Challenges in managing HMOs
Health maintenance organizations (HMOs) play an important role in ensuring health and safety for individuals. However, managing of such HMOs is faced with a lot of challenges. It is therefore important to understand the challenges that these organizations face in the process of service delivery. This paper aims to discuss these challenges and offer a recommendation on what needs to be done to avoid or reduce the impact of these challenges (Boland, 2009).
This paper will start by giving an overview of the HMOs and the challenges seen in the system. A literature review will then be explored and solutions for the stated challenges discussed together with how to implement them. The paper is therefore important to all stakeholders including healthcare staff, patients and the various agencies of the government since it will provide a clear outline of the challenges faced as well as recommendations on what need to be done to reduce the challenges experienced in management of HMOs (Boland, 2009).
Health maintenance organizations (HMOs) was a creation of the Health Maintenance Organization of 1973 as a managed healthcare system (Boland, 2009). Its aim was to reduce healthcare costs on consumers. HMO members receive care from primary care physicians, clinics, hospitals and clinics. The primary care physician is responsible for referring patients to various specialists. HMO members are required to receive medical care at only at specified facilities or those that are under contract with the parent facilities and adhere to HMO rules. This is however not the case when there is an emergency or medical attention need to be attended out-of-area (Boland, 2009).

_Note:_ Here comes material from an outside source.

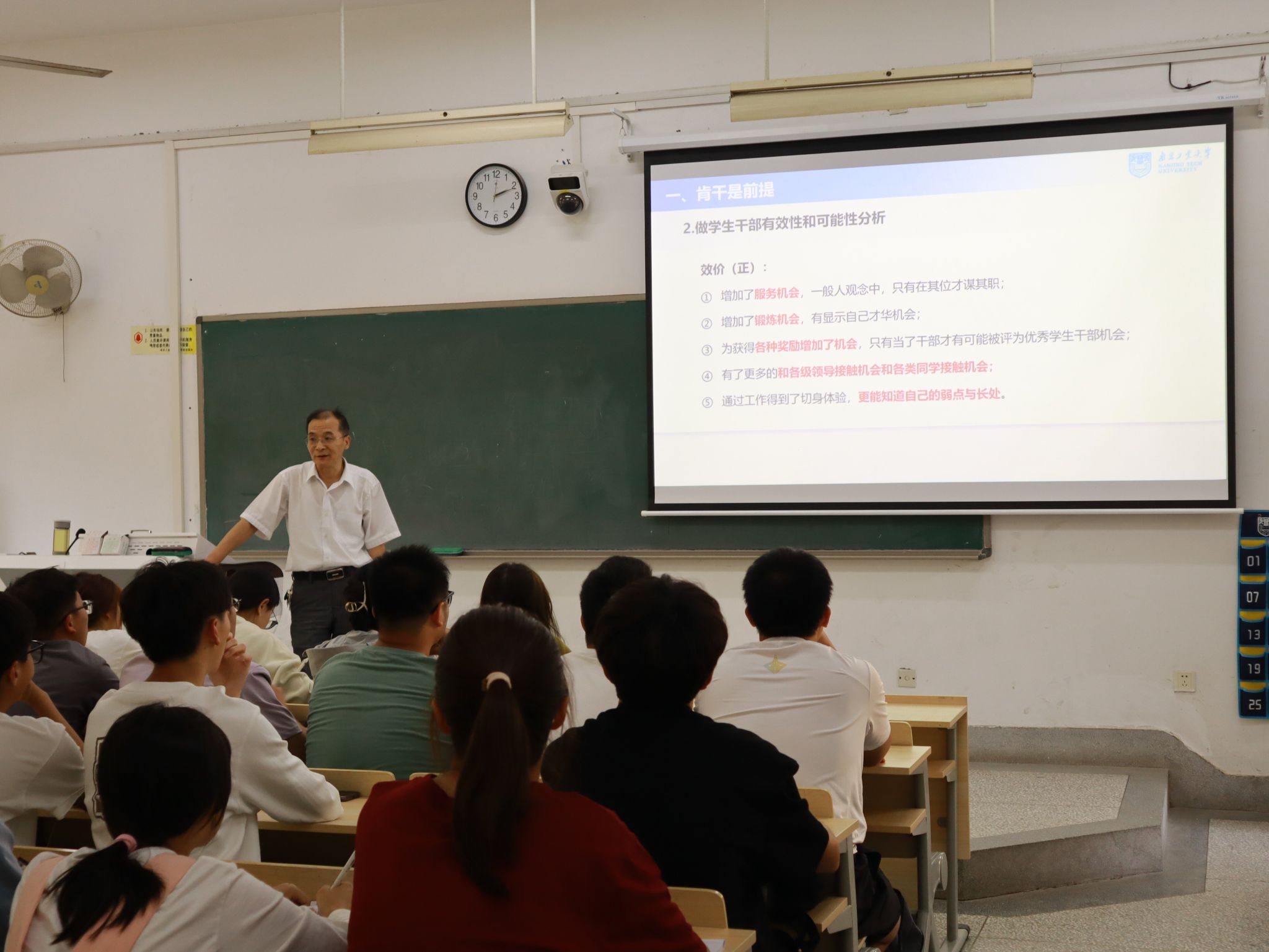 陈书记从“肯干是基础”、“能干是前提”、“巧干是保证”三个方面展开论述。他引入期望理论科学分析个人行为动机水平,指出“肯干是前提”,对同学们做员工骨干的有效性和可能性做出了合理的分析;介绍了员工骨干的工作特点,阐释“能干是基础”继而对员工骨干的品格提出要求,强调员工骨干要有做事、批评和自我批评的魄力;“巧干是保证”要求员工干部掌握工作技术技巧,在管理好班级事务的同时处理好人际关系,嘱咐员工骨干们要在服务中成长,做出正确的人生选择,启发大家服务和成长是辩证统一的。

According to Falkson (2009) the mode of payment in HMOs capitation model. Here, the organizations receive a fixed amount in a period from each patient. Mostly, these payments are made on a monthly basis. This is a replacement to the traditional fee-for-service mode of payment which was much criticized because some doctors and specialists tended to prescribe more to a patient in order for the payment to increase (Falkson, 2009).
Challenges in management of HMOs
HMOs have a challenge due to capitation (Falkson, 2009). Here, doctors are provided with a set amount of money to cover such costs as tests, referrals and procedures needed by each patient in a given period, say a calendar year. The problem arises here because doctors can keep any residual amount of money at the end of that period. If a doctor want the residual amount to increase, he/she will make sure that the patient for instance skips some tests for instance by not referring them to tests even when deemed necessary. In this way, the costs will remain low while profits keep on increasing (Falkson, 2009).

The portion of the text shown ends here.